Your objective –
Everything below from the line with "Everton have only" through the line with "10일 수원 케이티위즈파크에서" must be retyped exactly, except the pictures.

=== Records ===

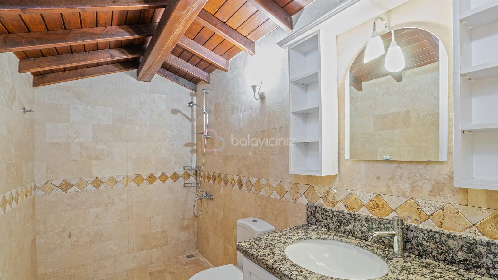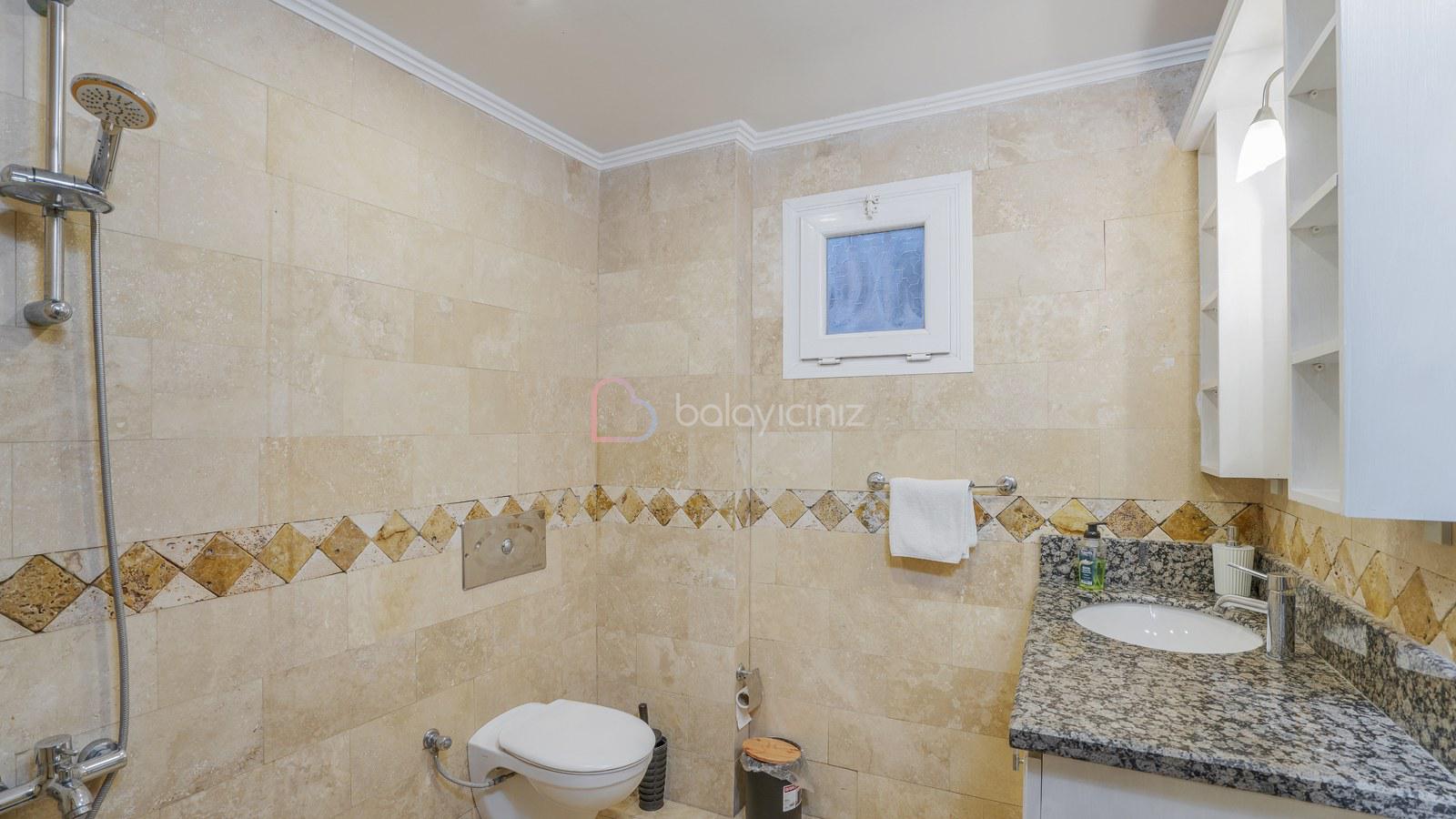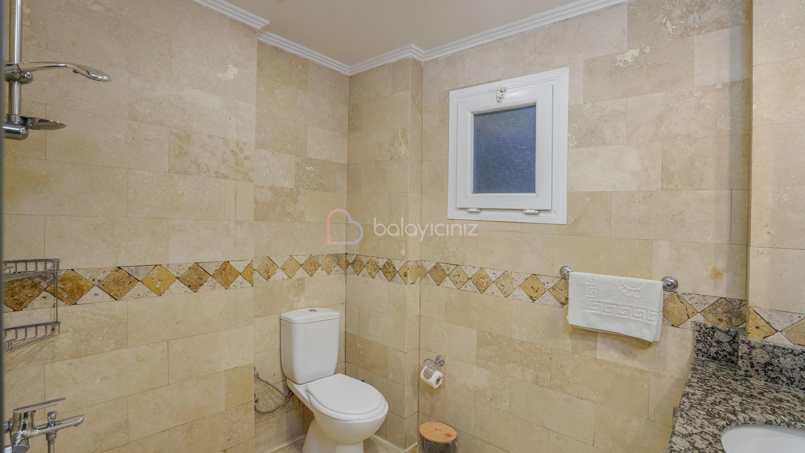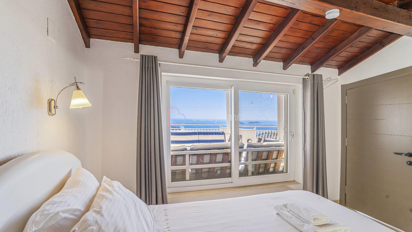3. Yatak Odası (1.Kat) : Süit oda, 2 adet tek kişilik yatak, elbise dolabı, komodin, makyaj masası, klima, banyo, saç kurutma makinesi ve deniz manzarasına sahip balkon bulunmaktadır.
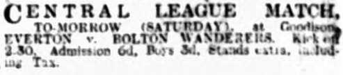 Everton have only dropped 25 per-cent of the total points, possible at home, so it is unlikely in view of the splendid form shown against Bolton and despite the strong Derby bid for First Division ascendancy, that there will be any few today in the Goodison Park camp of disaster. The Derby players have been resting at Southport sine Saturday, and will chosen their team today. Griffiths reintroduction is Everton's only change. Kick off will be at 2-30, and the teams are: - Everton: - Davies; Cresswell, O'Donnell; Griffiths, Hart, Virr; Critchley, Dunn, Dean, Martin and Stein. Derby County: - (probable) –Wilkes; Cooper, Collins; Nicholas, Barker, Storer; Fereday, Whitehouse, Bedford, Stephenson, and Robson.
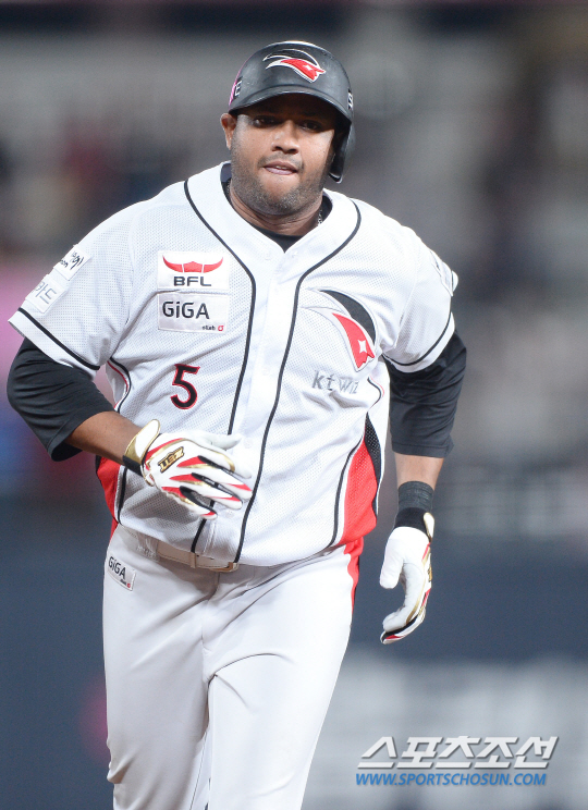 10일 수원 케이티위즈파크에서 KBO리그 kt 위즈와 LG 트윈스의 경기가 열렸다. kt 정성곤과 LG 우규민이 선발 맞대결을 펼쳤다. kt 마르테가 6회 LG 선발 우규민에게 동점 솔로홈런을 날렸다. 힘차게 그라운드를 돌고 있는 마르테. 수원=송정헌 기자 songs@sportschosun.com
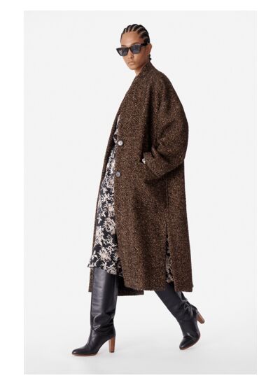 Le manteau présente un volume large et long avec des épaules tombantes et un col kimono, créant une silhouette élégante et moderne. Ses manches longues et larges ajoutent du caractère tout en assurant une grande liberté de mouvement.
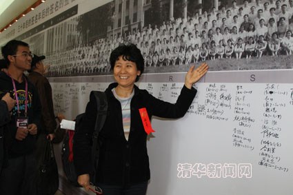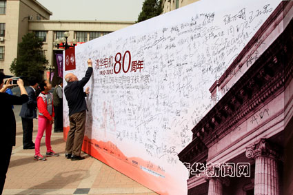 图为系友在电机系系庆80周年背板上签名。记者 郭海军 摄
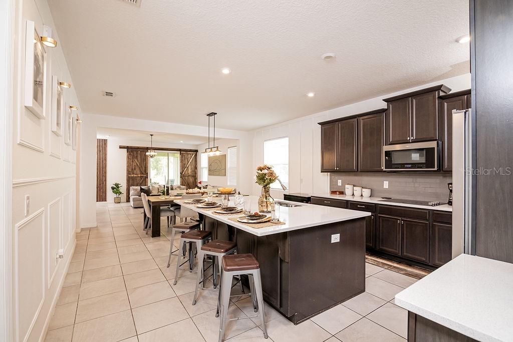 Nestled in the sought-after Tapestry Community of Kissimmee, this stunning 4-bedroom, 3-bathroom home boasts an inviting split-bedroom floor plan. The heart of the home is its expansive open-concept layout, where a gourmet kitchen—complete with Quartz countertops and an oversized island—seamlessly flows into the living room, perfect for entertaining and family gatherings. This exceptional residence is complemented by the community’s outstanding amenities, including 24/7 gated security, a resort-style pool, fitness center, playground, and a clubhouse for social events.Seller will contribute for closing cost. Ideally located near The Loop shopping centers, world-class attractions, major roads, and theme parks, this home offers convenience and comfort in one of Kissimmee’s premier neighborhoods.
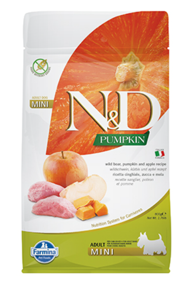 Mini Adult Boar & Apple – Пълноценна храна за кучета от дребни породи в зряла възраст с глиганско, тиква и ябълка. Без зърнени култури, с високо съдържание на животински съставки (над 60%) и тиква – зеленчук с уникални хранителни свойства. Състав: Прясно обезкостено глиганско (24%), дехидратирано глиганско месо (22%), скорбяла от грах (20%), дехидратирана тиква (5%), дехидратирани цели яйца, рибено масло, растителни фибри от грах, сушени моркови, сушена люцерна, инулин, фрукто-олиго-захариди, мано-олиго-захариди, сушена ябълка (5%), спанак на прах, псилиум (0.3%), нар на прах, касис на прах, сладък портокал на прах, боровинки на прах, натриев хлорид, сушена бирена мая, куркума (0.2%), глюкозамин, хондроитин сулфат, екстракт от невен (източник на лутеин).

===
=== Records ===

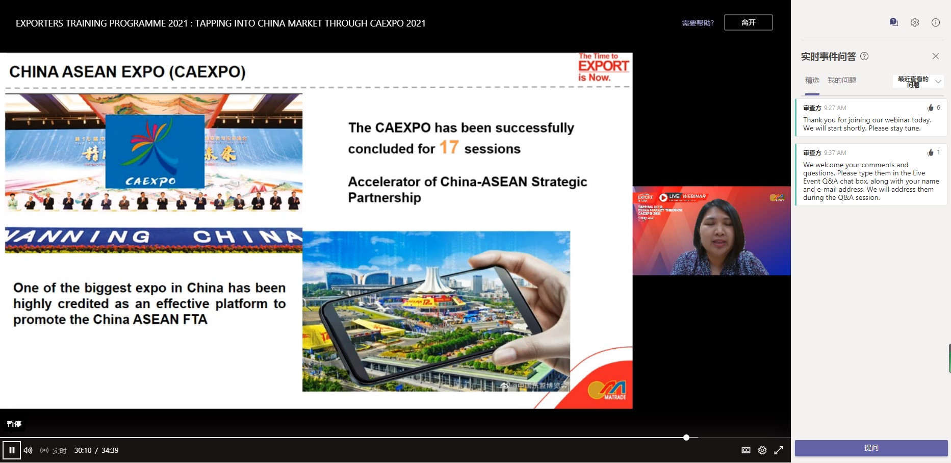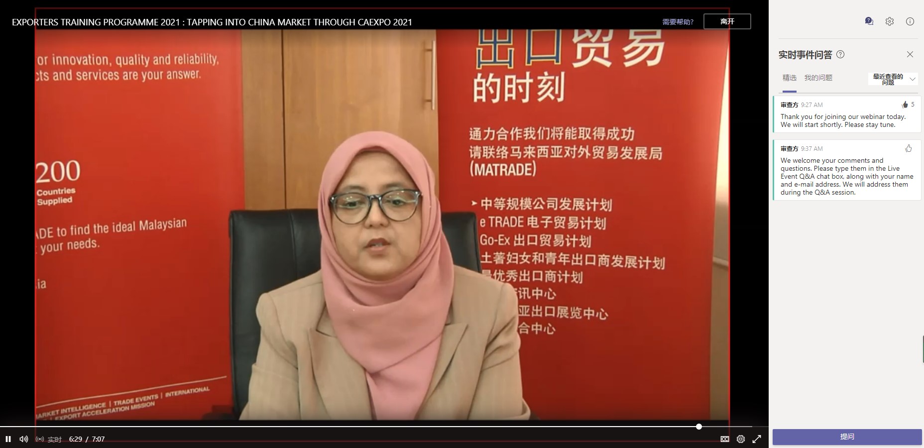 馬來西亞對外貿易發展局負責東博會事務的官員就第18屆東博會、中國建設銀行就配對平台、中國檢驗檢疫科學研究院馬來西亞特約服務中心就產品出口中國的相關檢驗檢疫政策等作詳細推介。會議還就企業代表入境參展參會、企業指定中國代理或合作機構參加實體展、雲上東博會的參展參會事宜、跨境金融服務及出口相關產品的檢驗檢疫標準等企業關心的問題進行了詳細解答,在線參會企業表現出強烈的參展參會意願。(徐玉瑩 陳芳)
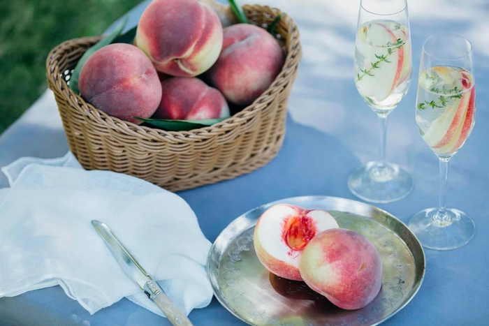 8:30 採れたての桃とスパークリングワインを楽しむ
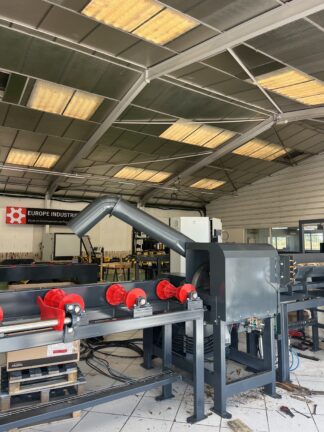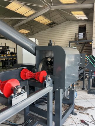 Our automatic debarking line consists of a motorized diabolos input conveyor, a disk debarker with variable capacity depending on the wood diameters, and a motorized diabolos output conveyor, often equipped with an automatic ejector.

===

Solution for this task –
 Everton have only dropped 25 per-cent of the total points, possible at home, so it is unlikely in view of the splendid form shown against Bolton and despite the strong Derby bid for First Division ascendancy, that there will be any few today in the Goodison Park camp of disaster. The Derby players have been resting at Southport sine Saturday, and will chosen their team today. Griffiths reintroduction is Everton's only change. Kick off will be at 2-30, and the teams are: - Everton: - Davies; Cresswell, O'Donnell; Griffiths, Hart, Virr; Critchley, Dunn, Dean, Martin and Stein. Derby County: - (probable) –Wilkes; Cooper, Collins; Nicholas, Barker, Storer; Fereday, Whitehouse, Bedford, Stephenson, and Robson.
 10일 수원 케이티위즈파크에서 KBO리그 kt 위즈와 LG 트윈스의 경기가 열렸다. kt 정성곤과 LG 우규민이 선발 맞대결을 펼쳤다. kt 마르테가 6회 LG 선발 우규민에게 동점 솔로홈런을 날렸다. 힘차게 그라운드를 돌고 있는 마르테. 수원=송정헌 기자 songs@sportschosun.com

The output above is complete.